All'interno lo sviluppo economico è accompagnato dalla ulteriore concentrazione monopolistica nei settori strategici dell'industria manifatturiera e mineraria. In quella petrolifera, ad esempio, a dominare sono i Rockefeller, i Morgan e i Mellon. Sono questi monopolisti che avviano la conquista del mercati esteri per lo sbocco della produzione, per la ricerca di materie prime e l'investimento di capitali, anche nella lontana Siberia.
È in questo Paese, simbolo del capitalismo giovane, vincente e senza frontiere, che giunge l'eco della presa del potere bolscevico nel 1917. E vi arriva sia come nuova minaccia internazionale al modello americano che deve essere isolata, se non schiacciata, sia come pericolo di sovversione interna nei confronti della quale governo e industriali non fanno sconti. È in questo Paese che nasce il piccolo Partito comunista degli Usa, tutt'ora presente, anche se fortemente minoritario, nello scenario politico statunitense.

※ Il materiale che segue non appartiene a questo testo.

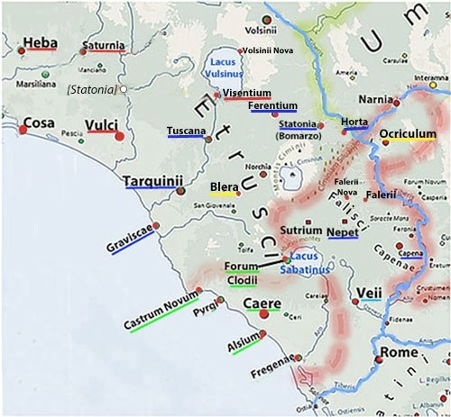 Latin colonies: Nepete and Sutrium (383 BC); Cosa (273 BC); Heba ? (ca. 150 BC)
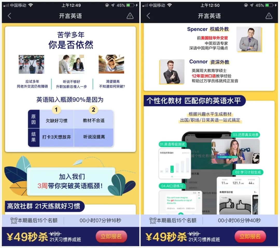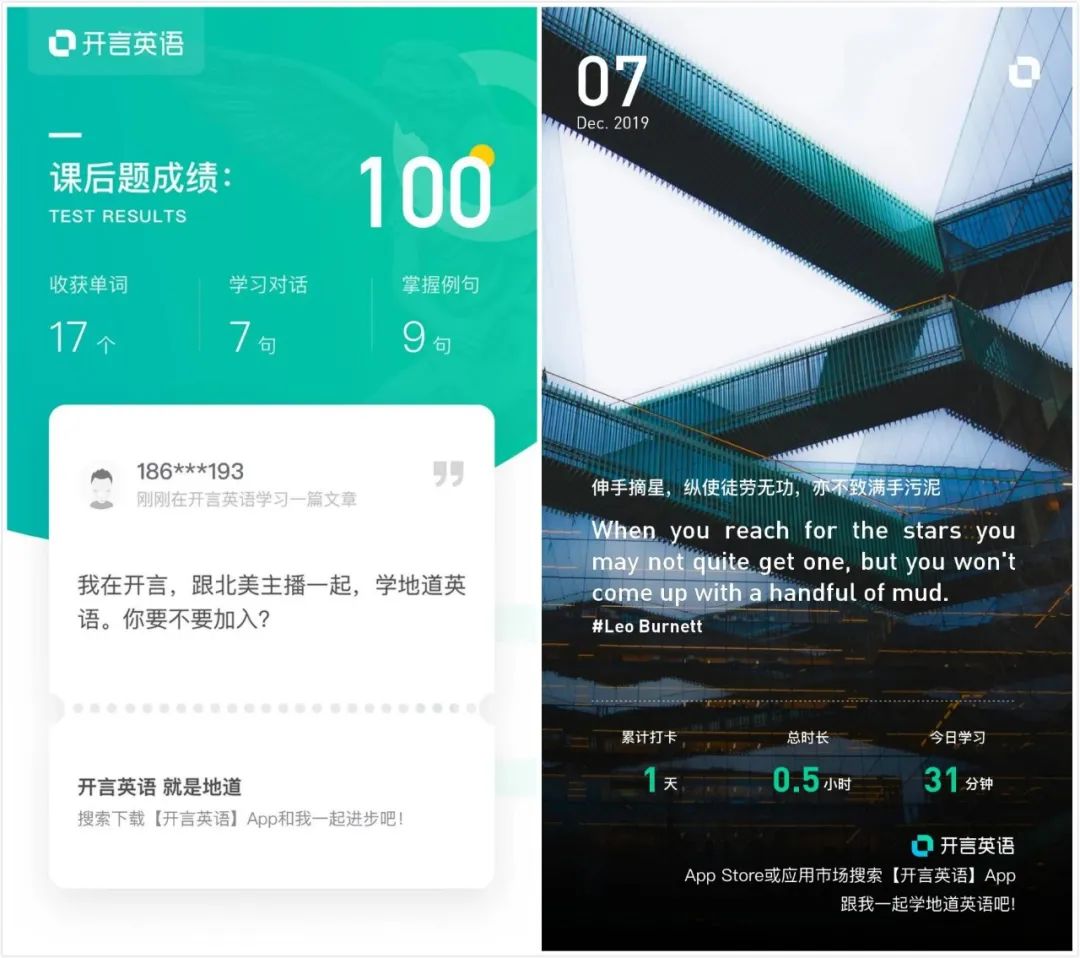 1.裂變玩不了,業(yè)績依舊要增長。微信新規(guī)越來越嚴(yán)的情況下,看到有一些童鞋交流增長難做,但是改變不了環(huán)境的我們,只能選擇適應(yīng)。回歸用戶服務(wù)上,不斷追求服務(wù)細(xì)致化來獲取用戶依賴更為硬道理。(我是開言英語新用戶,對(duì)它非常有好感)
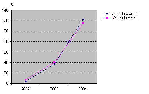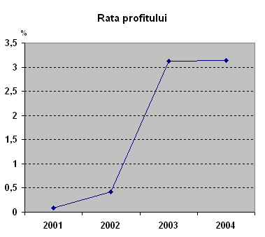 o tendinta de crestere inregistreaza profitul care in 2004 ajungea sa fie de 36,91 de ori mai mare decat in 2000, dar acest lucru dupa ce in 2001 nu a existat si dupa eforturi financiare deosebite ale societatii in vederea imbunatatirii imaginii de marca a firmei si obtinerea unor preturi competitive.
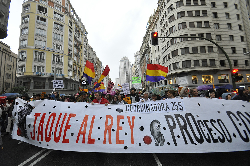 La marcha, que ha cortado varias calles principales del centro de Madrid este sábado, ha sido convocada por la Coordinadora 25-S para pedir la abolición de la monarquía y el inicio de un proceso constituyente.
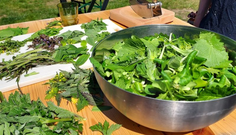 Before we start cooking, we search for ingredients and look for wild herbs or berries and mushrooms (depending on the season) to give our dishes that special touch. A small wild herb hike with the farm goats (!) led by Jeanette Nadebor from Kräuterhof Carlsthal in advance to warm up and get to know!
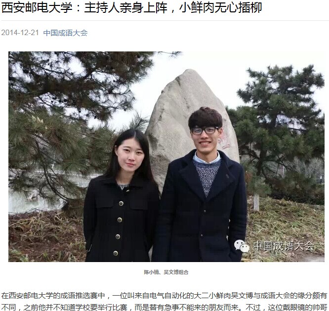 坦白说,能过参加成语大会,我很幸运,也很开心。没有什么特殊的其他原因,就是因为那是我喜欢的东西。
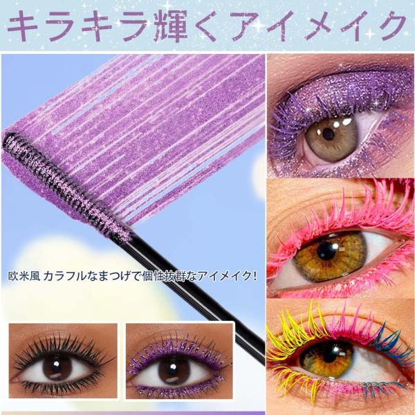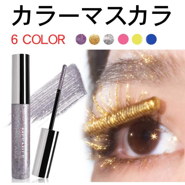 カラーマスカラ キラキラ ロング 防水 落ちない ウォータープルーフ ラメ 極細 速乾 滲みにくい コスプレ ハロウィン メイク 6カラー
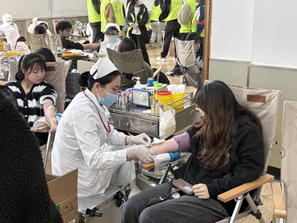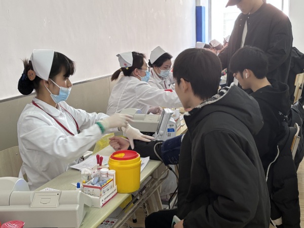 活动现场,献血学生在老师与志愿者细心引导下排队、登记、体检、献血、观察,一切都开展得井然有序。
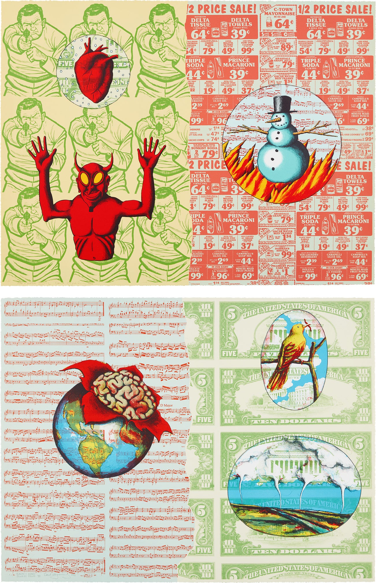 Lithograph diptych in colors, on Rives BFK paper, the full sheets.
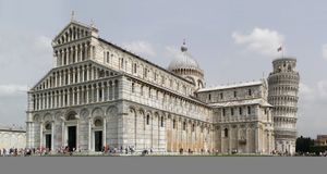 The Leaning Tower of Pisa and the Duomo di Pisa, in the Piazza dei Miracoli. The Piazza is a UNESCO World Heritage Site,[18] and both buildings are examples of Romanesque architecture.[19]
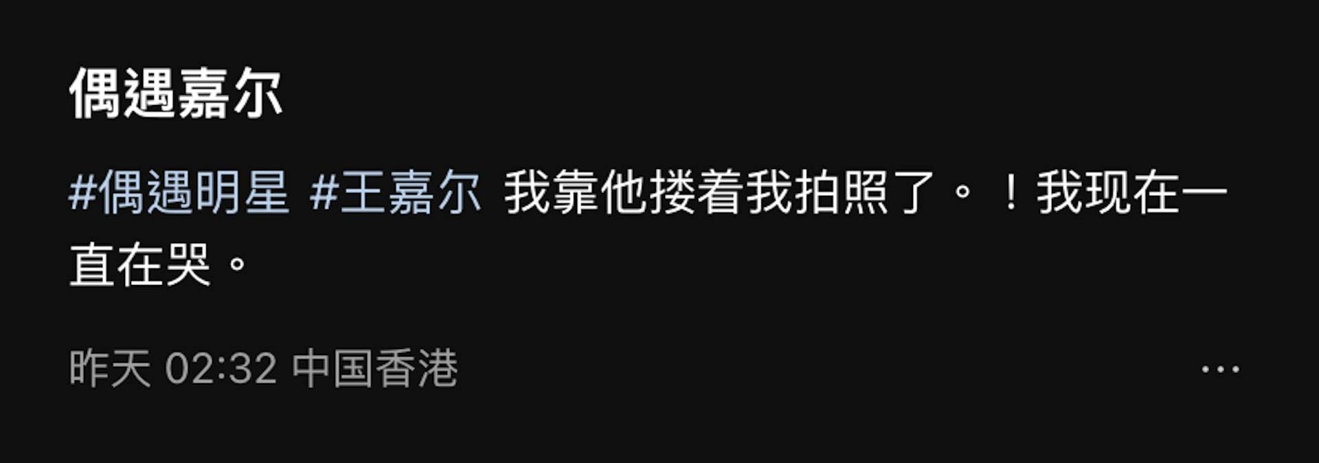 原來令女粉絲情緒失控的並非什麼負面事件,而是王嘉爾的「親密舉動」令對方喜極而泣!該名女粉絲事後在社交平台激動分享:「我X,他摟著我拍照了!我現在一直在哭。」從她的用詞可見當時有多興奮,連粗口都爆埋出嚟。她更詳細描述當時情況,表示由於自己很社恐,所以由朋友代為上前詢問能否合照,結果王嘉爾不但答應,更親自出來與她們拍照,態度超級好又平易近人。

L'intervento anti-sovietico e gli arresti in Usa
A partire dal 1918, e fino a gran parte del 1922, le truppe dell'Intesa danno il via all'attacco contro la neonata Repubblica dei Soviet con lo scopo di aiutare le forze controrivoluzionarie. Accanto a quelle francesi, inglesi e giapponesi agiscono anche le truppe statunitensi (18.000 in totale) che in estate sbarcano a Murmansk (Russia settentrionale) e a Vladivostock (Estremo Oriente), con la motivazione ufficiale della protezione delle basi delle armate antisovietiche. Notevoli sono gli aiuti che giungono alle forze "bianche": denaro, armi, munizioni e attrezzature varie.

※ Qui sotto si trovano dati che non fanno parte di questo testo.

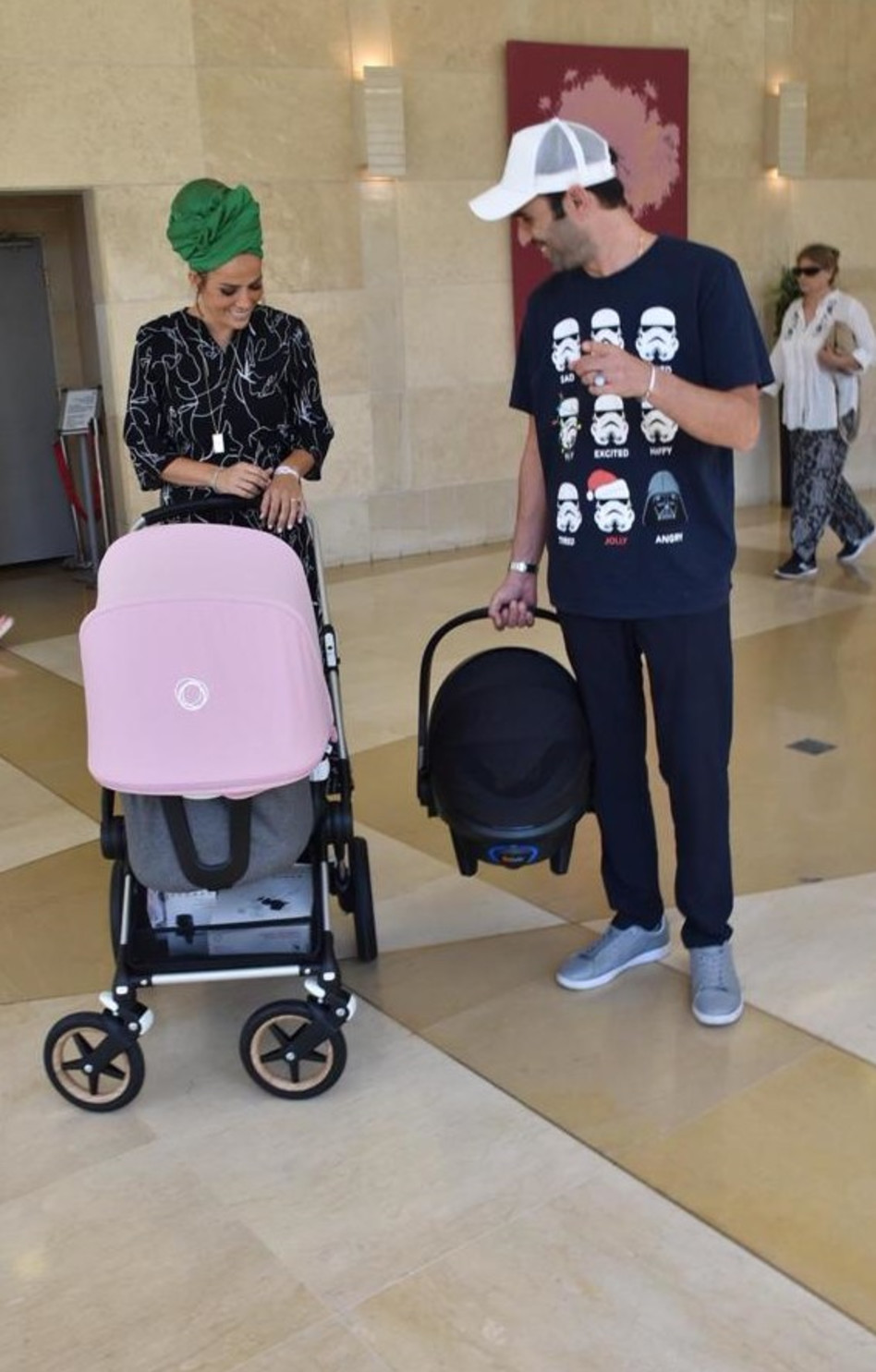 כשהיא מאושרת ומחוייכת מתמיד, נתפסה אברג'יל בעדשת המצלמה כשהיא עושה את צעדיה הראשונים אל מחוץ לבית החולים עם התינוקת הקטנה, שטרם נבחר שמה והאבא הגאה שהוסיף נסיכה חדשה למשפחה.
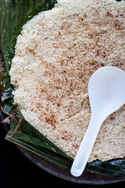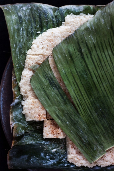 Line a plate or a platter with one piece of toasted banana leaf. Spread rice mixture on a leaf in an even layer, sprinkle with turbinado sugar and cinnamon. Cover with second piece of banaa leaf. Let cool completely. Cut into portions and serve.
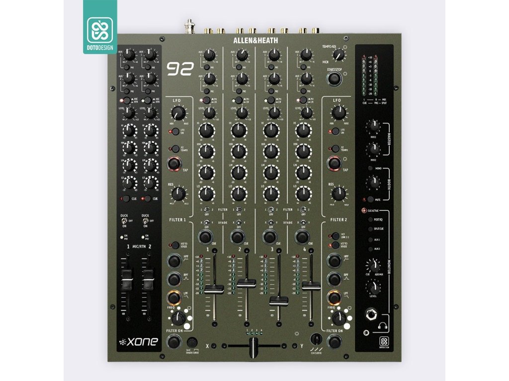 Naklejka na mikser Allen & Heath XONE:92 MK2 w wersji FULL COLORS, kolor army green (wojskowa zieleń).
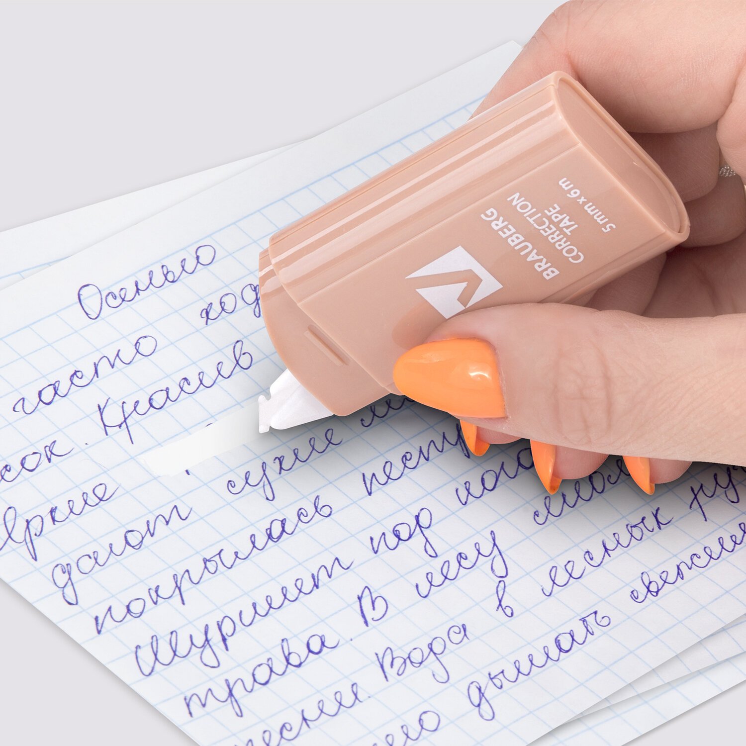 С помощью корректирующей ленты BRAUBERG вы сможете легко и незаметно исправлять любые копии, тексты и документы. Она не требует времени на высыхание после нанесения, что делает её особенно удобной в использовании. Кроме того, она не оставляет следов и черных полос на документе при копировании или отправке по факсу, обеспечивая плотное и равномерное покрытие.

Nelle zone controllate dall'Intesa si segnalano depredazioni di merci preziose, requisite come compensazione per le spese di occupazioni, ed episodi di violenza e dura repressione. Si calcola che nei soli territori del nord russo le merci sottratte abbiano raggiunto il valore di un miliardo di rubli-oro. E il comportamento delle forze Usa non si discosta da quello degli alleati, come testimonia il generale Graves: "le crudeltà erano tali che esse indubbiamente saranno ricordate e verranno raccontate tra il popolo russo anche a cinquant'anni di distanza dal loro compimento. Gli Stati Uniti d'America si sono attirati l'odio del 90 per cento della popolazione in Siberia".

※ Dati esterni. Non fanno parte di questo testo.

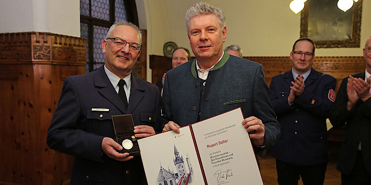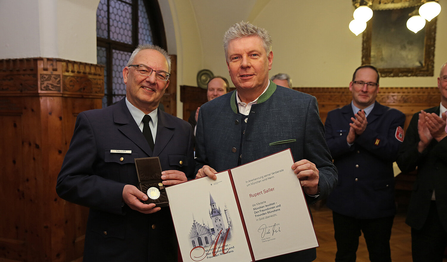 Für sein jahrzehntelanges Engagement bei der Freiwilligen Feuerwehr hatte die Stadt München Rupert Saller bereits mit den Medaillen „München leuchtet – Den Freundinnen und Freunden Münchens“ in Bronze und in Silber ausgezeichnet.
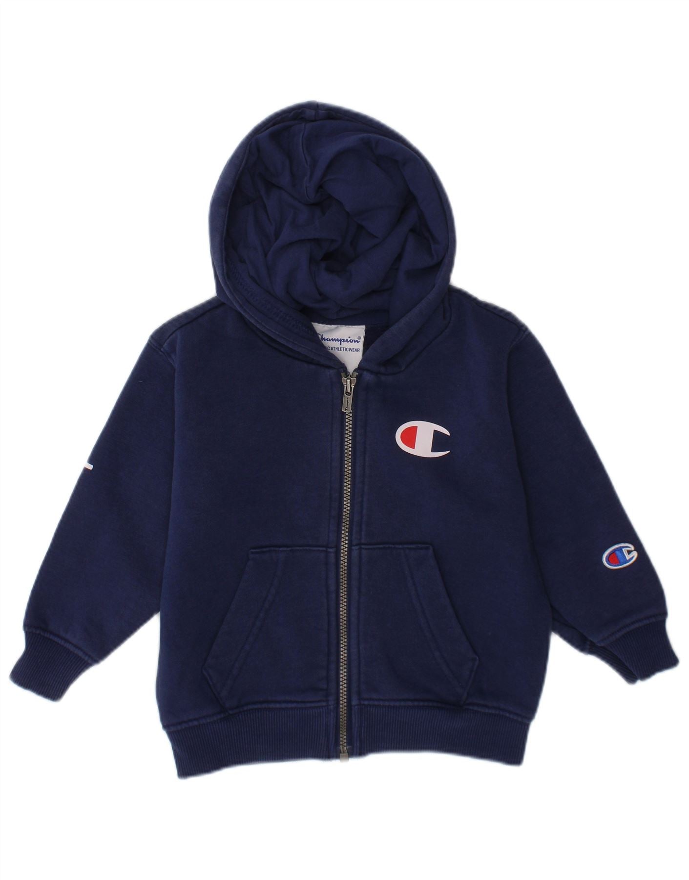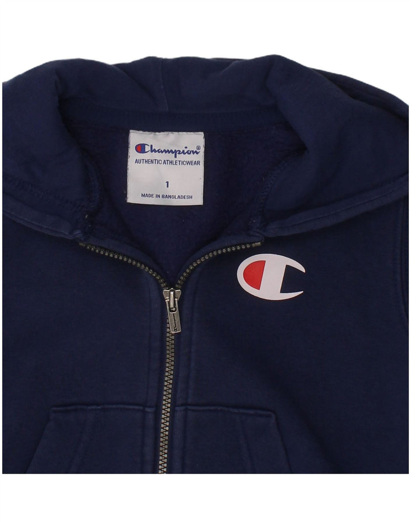 Suéter com capuz e zíper gráfico CHAMPION para meninos de 9 a 12 meses, algodão azul marinho

Negli Usa, poco prima della fine del conflitto mondiale e sull'onda della rivoluzione bolscevica, il Congresso aveva approvato una legge che prevedeva la deportazione e l'espulsione degli stranieri che assumevano posizioni ostili al governo e alla proprietà privata. La paura, presunta o effettiva che fosse, è quella del contagio interno. Così nel dicembre del 1919 sono arrestati 249 stranieri di origine russa per essere imbarcati ed espulsi verso la Russia sovietica. Un mese dopo sono circa quattromila le persone che vengono arrestate su tutto il territorio americano, imprigionate a lungo e, infine, deportate. Un giudice federale spiega così le reali motivazioni di questo agire: le pene "furono applicate per dare una visibilità spettacolare all'operazione e per fare pensare che realmente esisteva un pericolo grave e imminente", e gli stranieri arrestati erano il più delle volte "dei lavoratori perfettamente calmi e inoffensivi".
Conflittualità operaia
L'immediato dopoguerra negli Usa è caratterizzato da una forte ripresa del movimento rivendicativo operaio. Alla base ci sono il peggioramento delle condizioni di vita, l'aumento della disoccupazione in seguito alla smobilitazione dell'esercito e l'attacco degli imprenditori ai diritti conquistati nell'industria durante lo sforzo bellico (controllo dei prezzi, riconoscimento dei sindacati, giornata lavorativa di otto ore, ecc.). Nel 1919 si contano circa 3600 scioperi con la partecipazione di più di 4 milioni di lavoratori che richiedono, saltando spesso le moderate dirigenze sindacali, la giornata lavorativa di otto ore, aumenti salariali in linea con il forte aumento del costo della vita, il riconoscimento dei sindacati e la contrattazione collettiva. Nel febbraio Seattle è teatro di uno sciopero generale con un Comitato operaio che assume il governo della città e con guardie operaie impegnate a mantenere l'ordine. Per farlo rientrare serve la sconfessione dei capi sindacali, che ne denunciano l'illegalità, e l'intervento delle truppe su richiesta del sindaco.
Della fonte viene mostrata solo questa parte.